Below is a listing; retype exactly the lines between the one containing "Beautiful shaped backrest, with" and the one containing "รหัสสินค้า : 297437", inclusive, minus the pictures.

[[ Given records open ]]

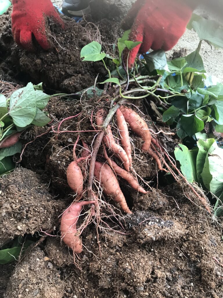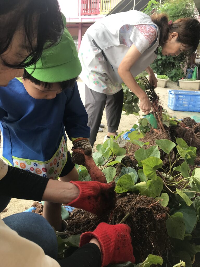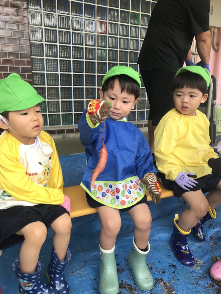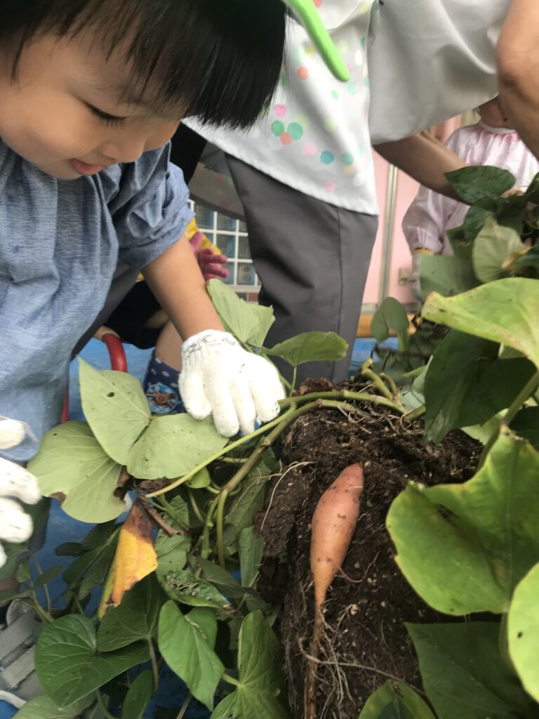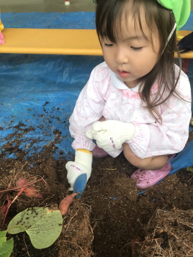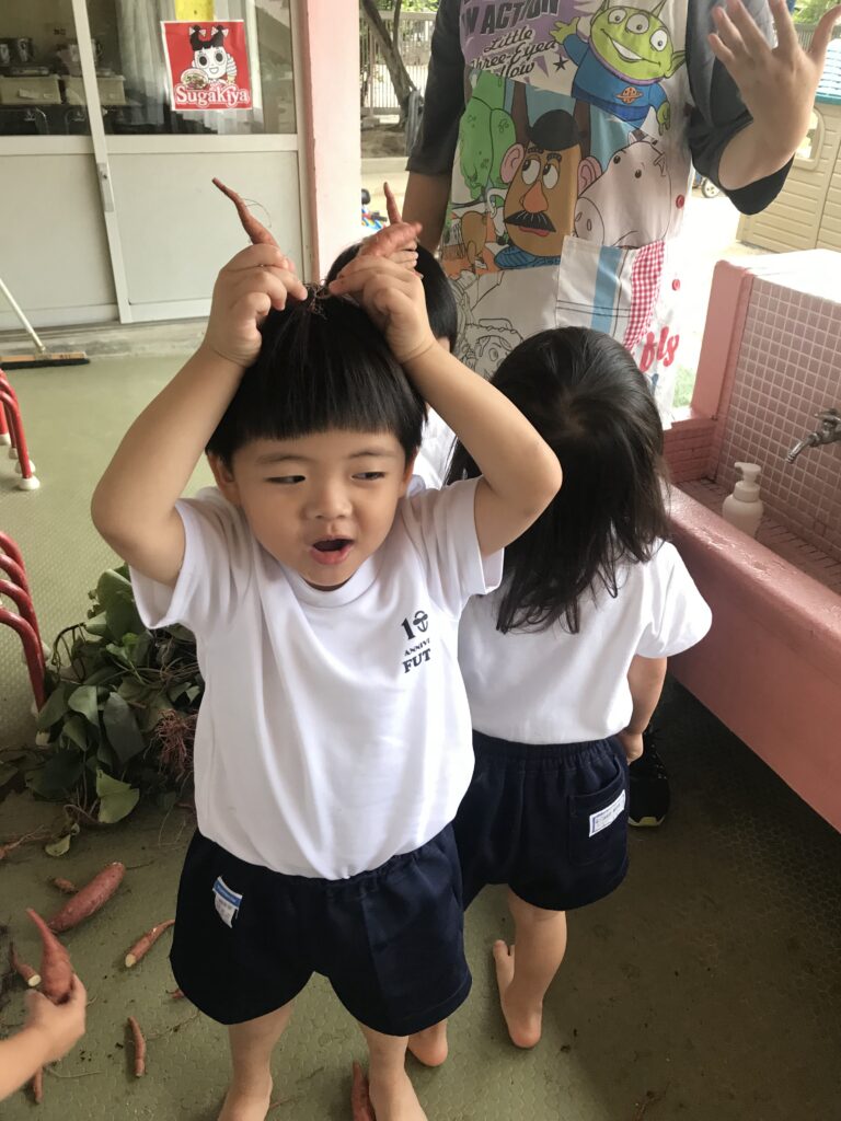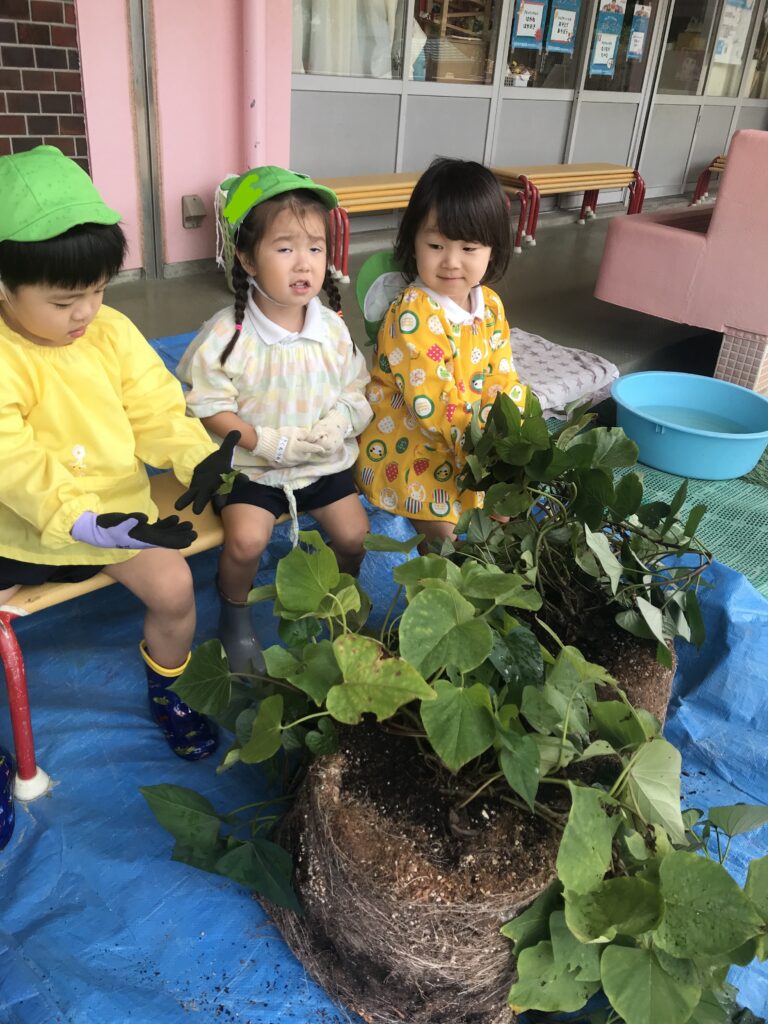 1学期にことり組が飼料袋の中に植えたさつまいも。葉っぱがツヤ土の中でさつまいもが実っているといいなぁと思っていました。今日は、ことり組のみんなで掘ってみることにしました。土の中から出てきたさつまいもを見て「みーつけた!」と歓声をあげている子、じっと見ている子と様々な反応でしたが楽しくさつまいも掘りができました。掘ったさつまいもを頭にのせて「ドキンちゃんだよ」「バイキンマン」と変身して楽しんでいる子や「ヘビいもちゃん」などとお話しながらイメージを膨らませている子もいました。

[[ Given records closed ]]
[[ Given records open ]]

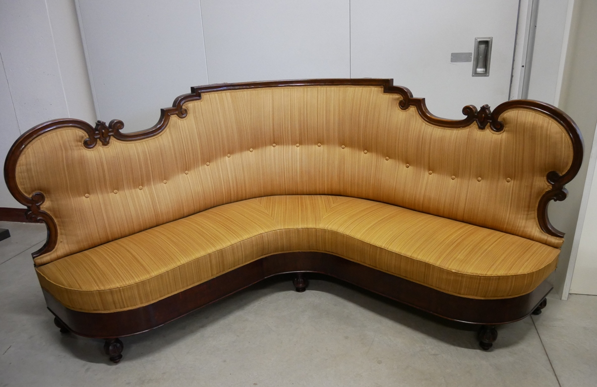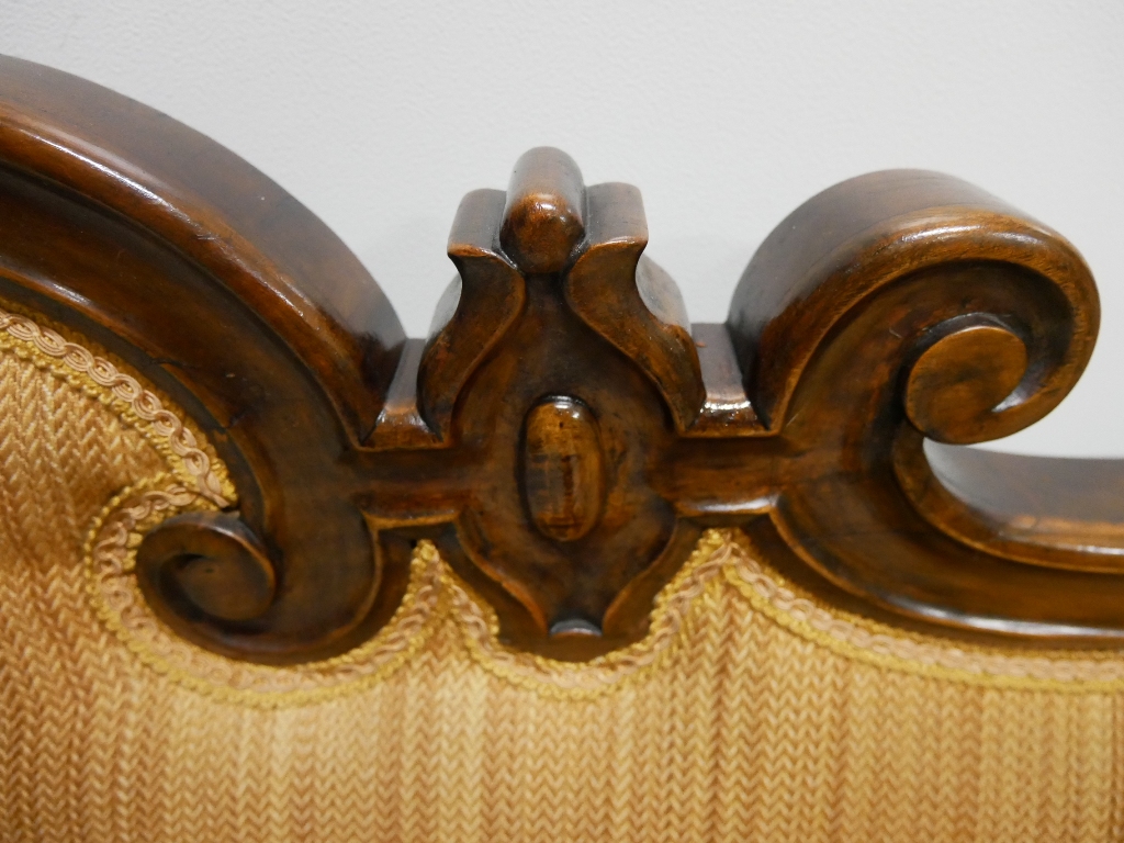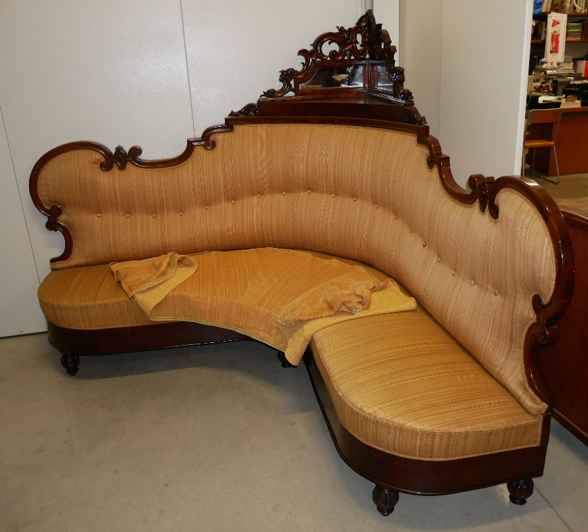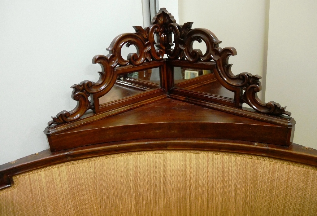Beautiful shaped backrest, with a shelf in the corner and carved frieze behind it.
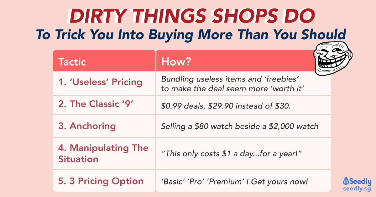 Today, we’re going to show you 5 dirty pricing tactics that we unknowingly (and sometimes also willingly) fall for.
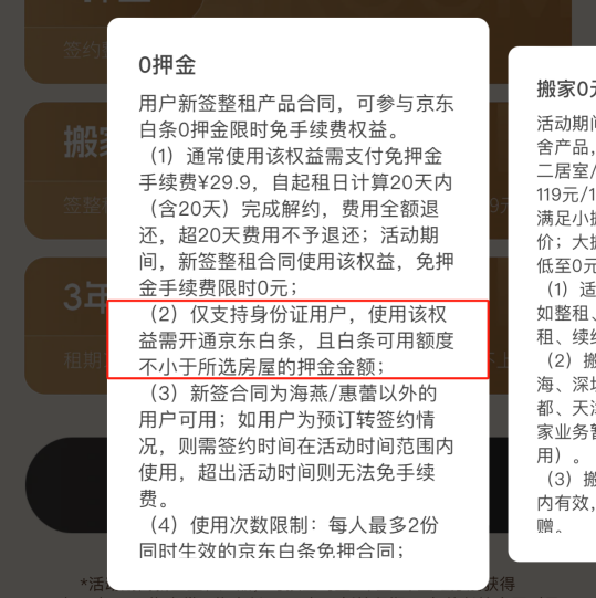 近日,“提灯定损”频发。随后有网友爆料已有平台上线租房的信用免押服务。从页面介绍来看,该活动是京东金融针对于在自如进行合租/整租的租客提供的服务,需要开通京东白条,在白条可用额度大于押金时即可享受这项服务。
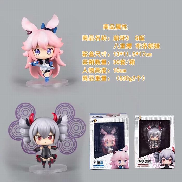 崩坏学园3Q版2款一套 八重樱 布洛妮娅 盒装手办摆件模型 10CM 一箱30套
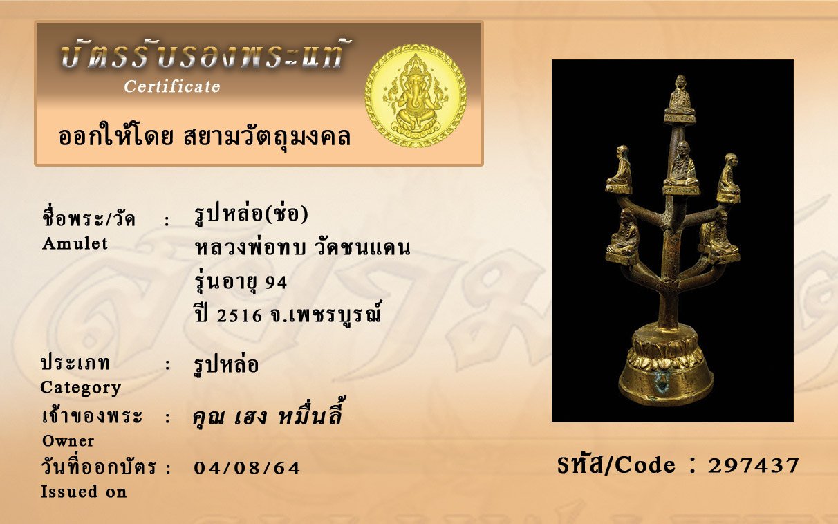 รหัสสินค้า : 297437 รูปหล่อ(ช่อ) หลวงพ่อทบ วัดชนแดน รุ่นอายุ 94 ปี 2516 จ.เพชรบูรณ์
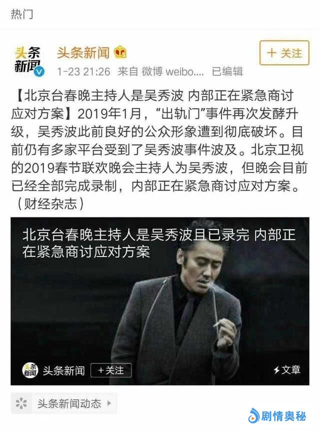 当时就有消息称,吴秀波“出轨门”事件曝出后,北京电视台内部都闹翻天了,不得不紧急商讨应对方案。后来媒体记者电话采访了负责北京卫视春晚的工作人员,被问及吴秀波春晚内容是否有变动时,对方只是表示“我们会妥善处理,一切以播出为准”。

[[ Given records closed ]]
[[ Given records open ]]

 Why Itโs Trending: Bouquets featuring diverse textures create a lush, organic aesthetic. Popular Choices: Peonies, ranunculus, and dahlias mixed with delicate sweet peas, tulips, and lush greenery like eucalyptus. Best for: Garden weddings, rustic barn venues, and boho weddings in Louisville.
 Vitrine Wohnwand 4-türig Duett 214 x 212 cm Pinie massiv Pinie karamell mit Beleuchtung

[[ Given records closed ]]

◆ Response to this task ◆
Beautiful shaped backrest, with a shelf in the corner and carved frieze behind it.
 Today, we’re going to show you 5 dirty pricing tactics that we unknowingly (and sometimes also willingly) fall for.
 近日,“提灯定损”频发。随后有网友爆料已有平台上线租房的信用免押服务。从页面介绍来看,该活动是京东金融针对于在自如进行合租/整租的租客提供的服务,需要开通京东白条,在白条可用额度大于押金时即可享受这项服务。
 崩坏学园3Q版2款一套 八重樱 布洛妮娅 盒装手办摆件模型 10CM 一箱30套
 รหัสสินค้า : 297437 รูปหล่อ(ช่อ) หลวงพ่อทบ วัดชนแดน รุ่นอายุ 94 ปี 2516 จ.เพชรบูรณ์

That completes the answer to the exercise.